Ready for more Fast Packets?!
In Part 1 we reviewed the fundamentals of achieving zero packet loss, covering the concepts behind the process. In his next instalment Federico Iezzi, EMEA Cloud Architect with Red Hat continues his series diving deep into the details behind the tuning.
Buckle in and join the fast lane of packet processing!
Getting into the specifics
It's important to understand the components we'll be working with for the tuning. Achieving our goal of zero packet loss begins right at the core of Red Hat OpenStack Platform: Red Hat Enterprise Linux (RHEL).
The tight integration between these products is essential to our success here and really demonstrates how the solid RHEL foundation is an incredibly powerful aspect of Red Hat OpenStack Platform.
So, let's do it ...
SystemD CPUAffinity
The SystemD CPUAffinity setting allows you to indicate which CPU cores should be used when SystemD spawns new processes. Since it only works for SystemD managed services two things should be noted. Firstly, the kernel thread has to be managed in a different way and secondly, all user executed process must be handled very carefully as they

might interrupt either the PMD threads or the VNFs. So, CPUAffinity is, in a way, a simplified replacement for the kernel boot parameter isolcpus. Of course, isolcpus does much more, such as disabling kernel and process thread balancing, but it can often be counter-productive unless you are doing real-time and shouldn’t be used.
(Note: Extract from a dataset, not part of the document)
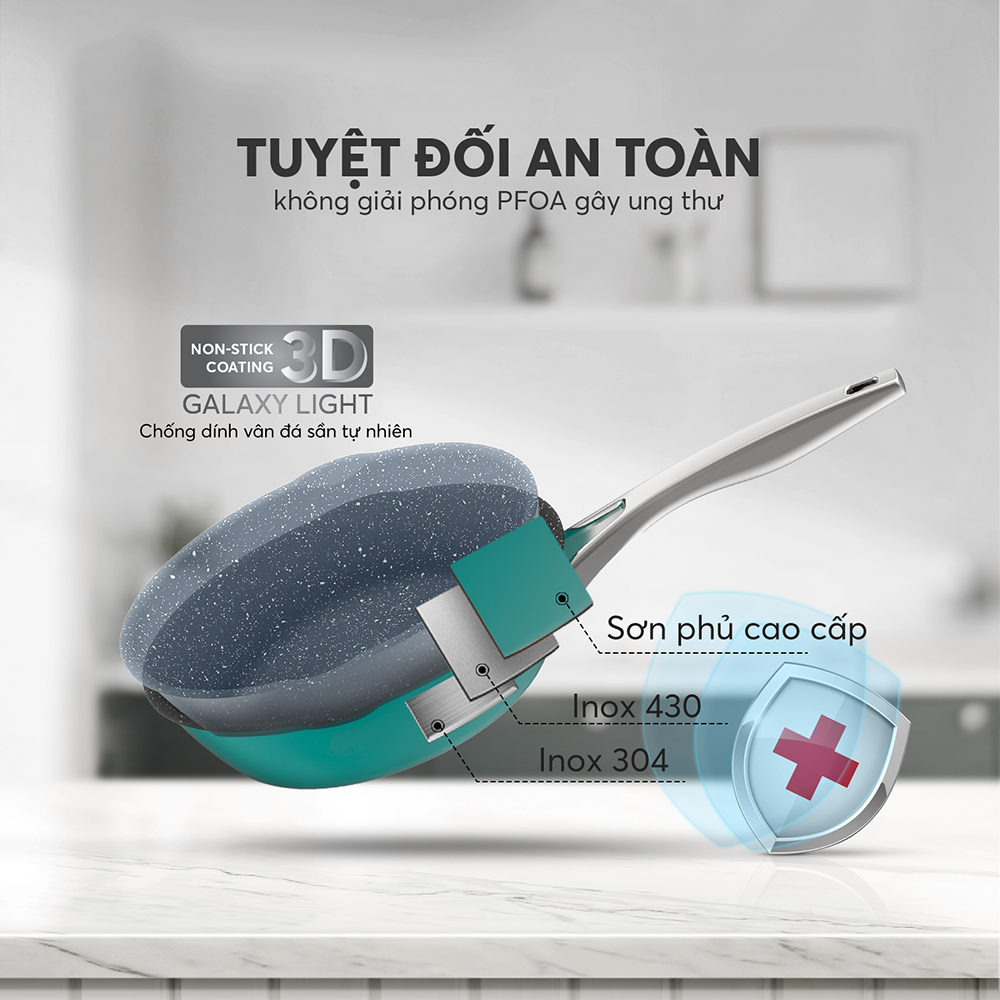 Là một chiếc chảo lòng cực rộng; dùng được đa năng như chiên, xào, nướng. Rất thích hợp làm BBQ. Chảo có hoạ tiết Blakcube được phủ lớp chống dính gốm màu ngọc xanh của

So, what happened to isolcpus?
Isolcpus was the way, until a few years ago, to isolate both kernel and user process to specific CPU cores. To make it more real-time oriented, the load balancing between the isolated CPU cores was disabled. This means that once a thread (or a set of threads) is created on an isolated CPU core, even if it is at 100% usage, the Linux process scheduler (SCHED_OTHER) will never move any of those threads away. For more info check out this article on the Red Hat Customer Portal (registration required).
IRQBALANCE_BANNED_CPUS
The IRQBALANCE_BANNED_CPUS allows you to indicate which CPU cores should be skipped when rebalancing the irqs. CPU core numbers which have their corresponding bits set to one in this mask will not have any IRQ’s assigned to them on rebalance (it can be double checked at /proc/interrupts).
Tickless Kernel
Setting the kernel boot parameter nohz prevents frequent timer interrupts. In this case it is common practice to refer to a system as “tickless.” The tickless kernel feature enables “on-demand” timer interrupts: if there is no timer to be expired for, say, 1.5 seconds when the system goes idle, then the system will stay totally idle for 1.5 seconds. The results will be fewer interrupts per second instead of scheduler interrupts occurring every 1ms.
Adaptive-Ticks CPUs
Setting the kernel boot parameter nohz_full to the specific isolated CPU core value ensures the kernel doesn’t send scheduling-clock interrupts to CPUs in a single, runnable task. Such CPUs are said to be "adaptive-ticks CPUs." This is important for applications with aggressive real-time response constraints because it allows them to improve their

worst-case response times by the maximum duration of a scheduling-clock interrupt. It is also important for computationally intensive short-iteration workloads: If any CPU is delayed during a given iteration, all the other CPUs will be forced to wait in idle while the delayed CPU finishes. Thus, the delay is multiplied by one less than the number of CPUs. In these situations, there is again strong motivation to avoid sending scheduling-clock interrupts. Finally, adaptive-ticks CPUs must have their RCU callbacks offloaded.
RCU Callbacks Offload
The kernel boot parameter rcu_nocbs, when set to the value of the isolated CPU cores, causes the offloaded CPUs to never queue RCU callbacks and therefore RCU never prevents offloaded CPUs from entering either dyntick-idle mode or adaptive-tick mode.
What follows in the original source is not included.